Multiple backends may serve the same model name (e.g. llama_cpp local + LM Studio remote both offer `qwen2.5-7b-instruct`). They register as separate capability entries. The bus router picks among them by latency/load — no service-internal preference logic.

### 4.2 Streaming and cancellation

- `handle_chat` is an async generator
- Each backend `Token` becomes one SSE `token` frame
- On client disconnect, the generator is cancelled; the backend's `chat()` async iterator receives `GeneratorExit`, propagates cancellation to the underlying library (llama.cpp: set abort flag; HTTP backends: close connection)
- Cleanup must complete within 200 ms

### 4.3 Internet-dependent backends

`HfApiBackend` and `AnthropicApiBackend` set `requires_internet=True` on their `BackendModel`. The service still registers them, but the [M09](M09-emergency.md) detector triggers deregistration from the local bus when offline. On restore, they are re-registered.

### 4.4 Tool calls (Phase 2)

The `tool_call_delta` stream frame in [CONTRACT §4.1](../CAPABILITY_CONTRACT.md) is reserved. Backends that support tool calls (Anthropic, OpenAI, OpenAI-compatible) will emit these in a future version. MVP: ignored / empty.

### 4.5 Deterministic mode

If `seed` is present in request, backends that support seeded sampling apply it. `llama_cpp` does; HTTP APIs vary.

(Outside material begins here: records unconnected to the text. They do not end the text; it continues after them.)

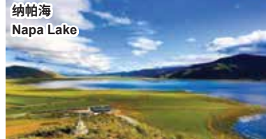
纳帕海 Napa Lake
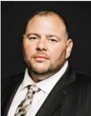
LOU ESPOSITO DEFENSIVE LINE FIELD
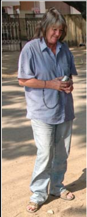
Varanasi and River Ganges, and Taj Mahal
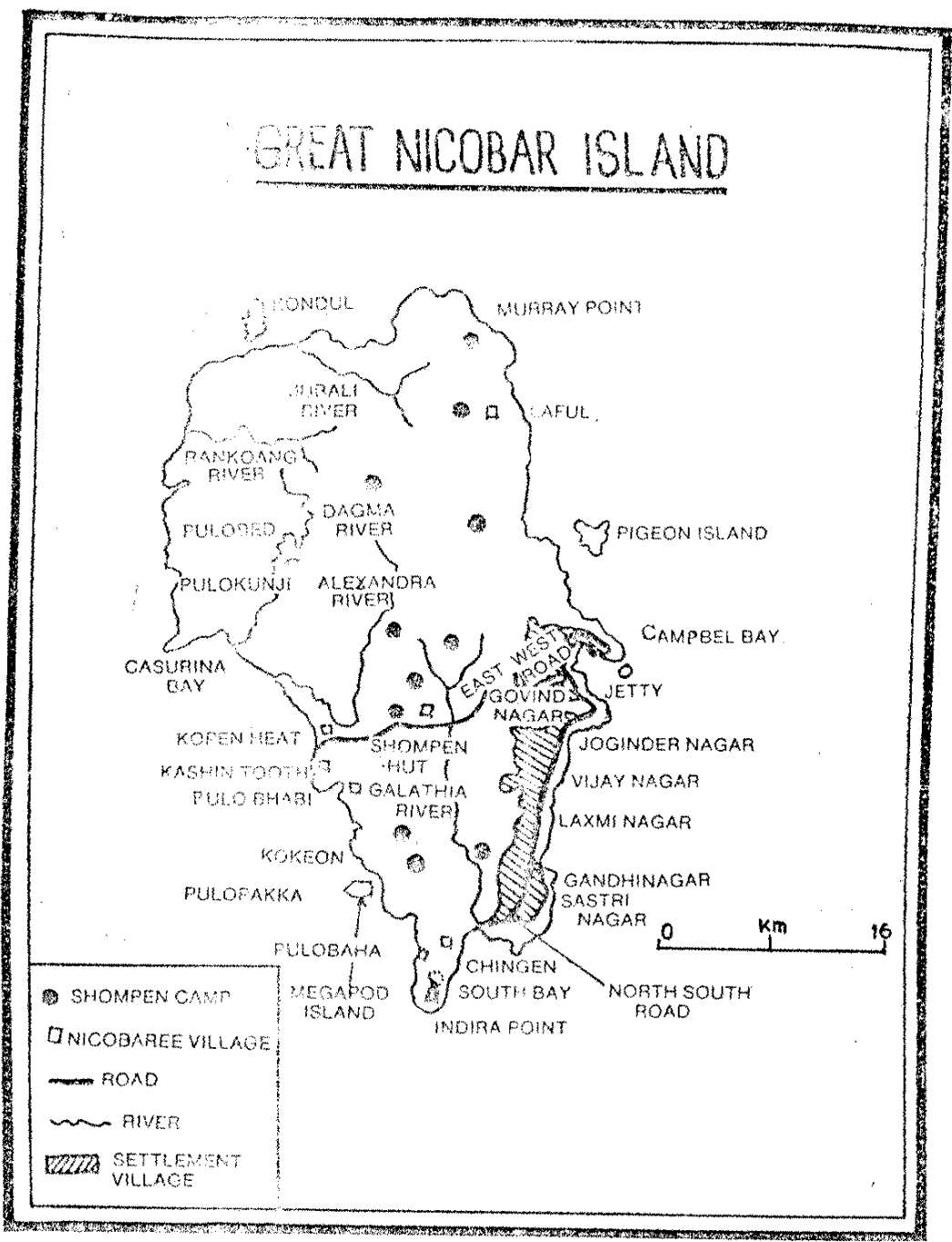
Map 2. The Great Nicobar Island

When unsupported, backend still serves but does NOT promise determinism.

### 4.6 Token counting

Token counts in `meta.tokens_in` / `meta.tokens_out`:
- `llama_cpp`: exact from the model
- HTTP backends with usage in response: exact
- Others: approximate via `tokenizers.count_tokens_approx`

---

## 5. Errors

| Condition | Wire code |
|-----------|-----------|
| Unknown model | `not_found` |
| Backend HTTP 5xx | `internal_error` |
| Backend HTTP rate limit | `rate_limited` (forwarded; `retry_after_ms` if available) |
| Empty messages array | `bad_request` |
| Context exceeded | `bad_request` (with message indicating size) |
| Generation timed out | `timeout` |
| Backend crashed mid-stream | emit `error` frame, then close |

---

## 6. Configuration

From [X04 §3](../cross-cutting/X04-config.md):

```toml
[[llm.backends]]
name  = "lmstudio"
url   = "http://192.168.188.25:1234"
model = "qwen2.5-7b-instruct"

[[llm.backends]]
name  = "llama_cpp"
url   = ""                # local path; see backend
model = "qwen2.5-1.5b-instruct-q4_k_m.gguf"

[[llm.backends]]
name        = "anthropic_api"
model       = "claude-sonnet-4-6"
api_key_env = "ANTHROPIC_API_KEY"
```

Constant: `LLM_GENERATION_DEFAULT_TIMEOUT_SECONDS = 120`.

---

## 7. Tests

### Unit
- `test_capabilities_one_entry_per_model_per_backend`
- `test_handler_chat_emits_token_then_done`
- `test_handler_chat_cancellation_within_200ms`
- `test_params_compatible_model_must_match`
- `test_params_compatible_ctx_upper_bound`
- `test_internet_dependent_backend_deregistered_on_offline`

### Integration
- `test_lmstudio_backend_streams_real_tokens` (requires LM Studio at the configured address; skip otherwise)
- `test_three_node_llm_load_balance`
- `test_remote_call_through_bus_returns_full_response`

---

## 8. Cross-references

| What | Where |
|------|-------|
| `llm.chat@1.0` wire | [CONTRACT §4.1](../CAPABILITY_CONTRACT.md) |
| `llm.complete@1.0` wire | [CONTRACT §4.2](../CAPABILITY_CONTRACT.md) |
| Service protocol | [M03 §4](M03-bus.md) |
| Streaming format | [CONTRACT §5.3](../CAPABILITY_CONTRACT.md), [X01 §6](../cross-cutting/X01-transport.md) |
| Used by RAG | [M05 §5](M05-rag.md) |
| Emergency mode deregistration | [M09 §5](M09-emergency.md) |

---

## 9. Open questions

1. **Vision models** — Phase 2; reserved `modalities: ['text','vision']`. Request schema gains `messages[].content[].type='image_url'`.
2. **Tool calls** — Phase 2; reserved frame `tool_call_delta`. Will integrate Anthropic + OpenAI styles.
3. **Local model autodiscovery** — should `llama_cpp` backend scan a models directory? Useful but easy to defer.
4. **Per-model preset profiles** — Phase 2: bind a `system_prompt_template` to a model. Not yet.